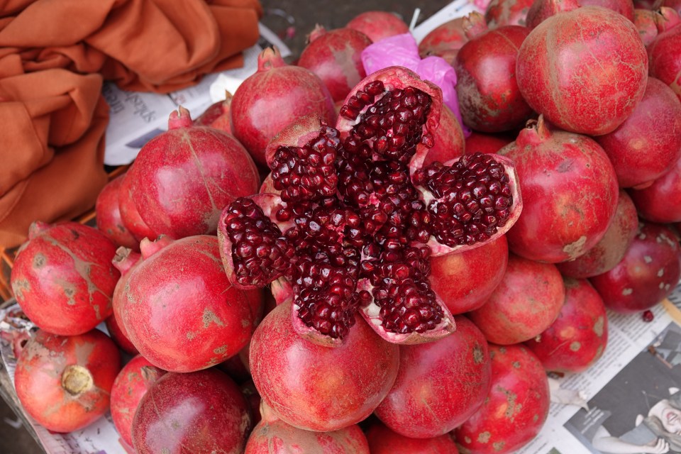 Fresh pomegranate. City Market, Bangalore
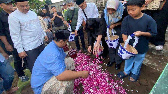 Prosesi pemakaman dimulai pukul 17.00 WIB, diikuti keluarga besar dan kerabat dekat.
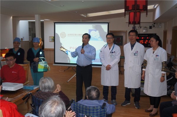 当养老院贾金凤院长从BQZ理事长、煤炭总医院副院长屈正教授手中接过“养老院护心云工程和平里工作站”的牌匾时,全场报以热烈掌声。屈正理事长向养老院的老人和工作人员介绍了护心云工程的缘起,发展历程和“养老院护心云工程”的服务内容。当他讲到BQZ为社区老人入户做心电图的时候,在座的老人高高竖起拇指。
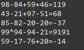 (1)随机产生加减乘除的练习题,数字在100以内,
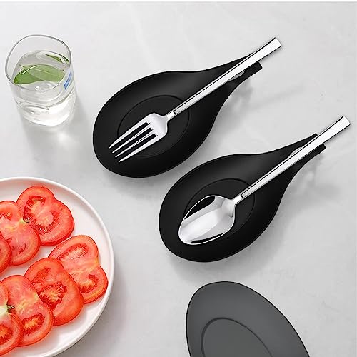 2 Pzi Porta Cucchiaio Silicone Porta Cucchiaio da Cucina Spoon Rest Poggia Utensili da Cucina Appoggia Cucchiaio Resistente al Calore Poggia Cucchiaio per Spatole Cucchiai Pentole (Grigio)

+--

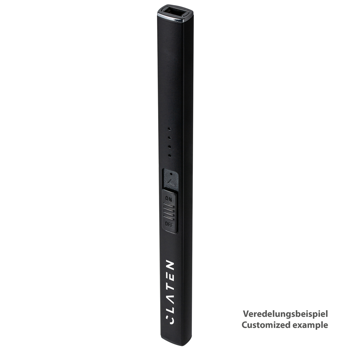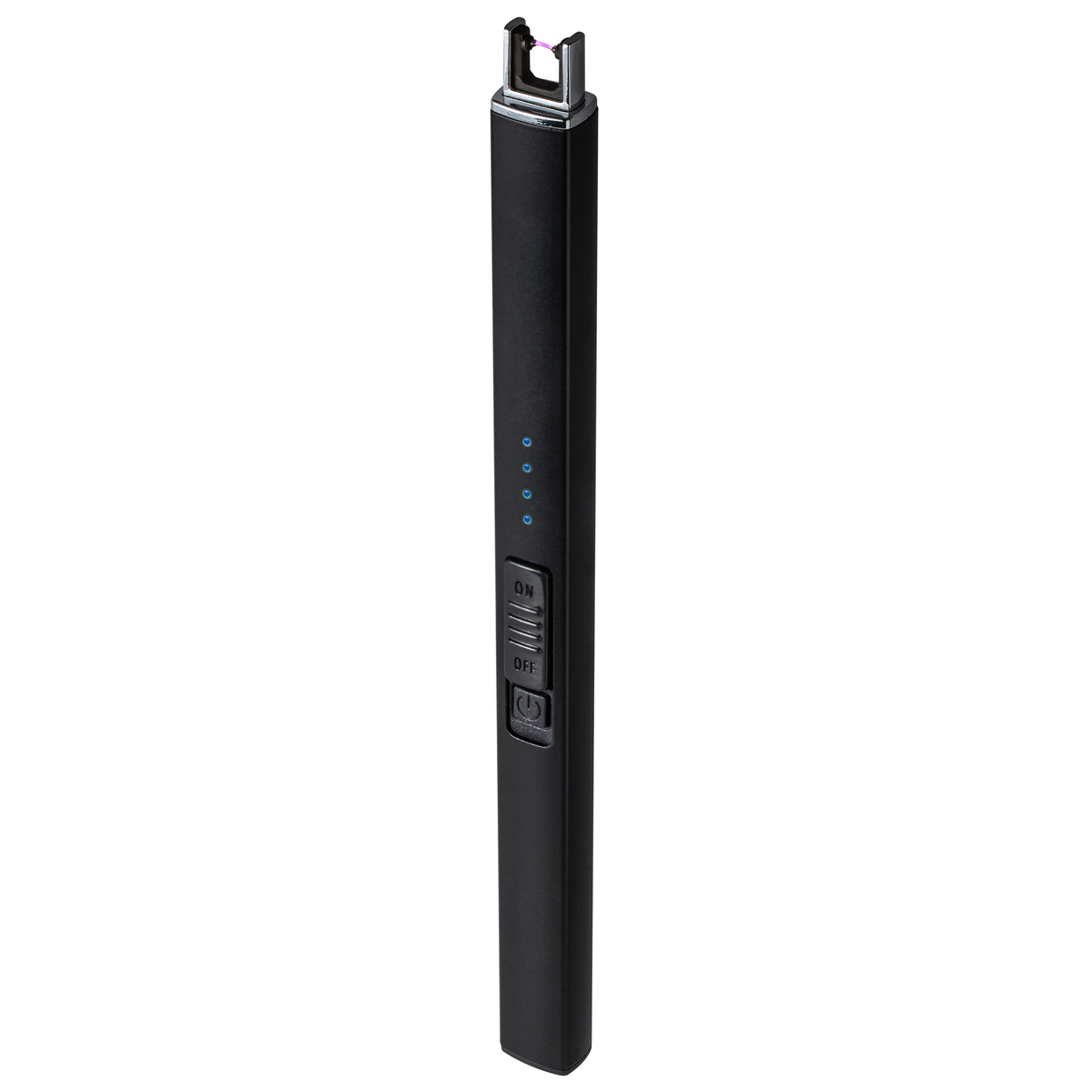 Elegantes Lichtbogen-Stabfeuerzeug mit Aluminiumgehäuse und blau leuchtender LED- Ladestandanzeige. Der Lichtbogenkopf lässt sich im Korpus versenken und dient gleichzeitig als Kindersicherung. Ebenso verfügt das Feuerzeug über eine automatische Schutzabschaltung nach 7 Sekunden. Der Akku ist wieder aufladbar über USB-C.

+--

▶ [WHAT TO DO]: Return exactly the lines that appear in the data above between the line containing "Fresh pomegranate. City Market, Bangalore" and the line containing "2 Pzi Porta", both of which are included, and leave the pictures out.

▶ [ANSWER TO THE EXERCISE]:
 Fresh pomegranate. City Market, Bangalore
 Prosesi pemakaman dimulai pukul 17.00 WIB, diikuti keluarga besar dan kerabat dekat.
 当养老院贾金凤院长从BQZ理事长、煤炭总医院副院长屈正教授手中接过“养老院护心云工程和平里工作站”的牌匾时,全场报以热烈掌声。屈正理事长向养老院的老人和工作人员介绍了护心云工程的缘起,发展历程和“养老院护心云工程”的服务内容。当他讲到BQZ为社区老人入户做心电图的时候,在座的老人高高竖起拇指。
 (1)随机产生加减乘除的练习题,数字在100以内,
 2 Pzi Porta Cucchiaio Silicone Porta Cucchiaio da Cucina Spoon Rest Poggia Utensili da Cucina Appoggia Cucchiaio Resistente al Calore Poggia Cucchiaio per Spatole Cucchiai Pentole (Grigio)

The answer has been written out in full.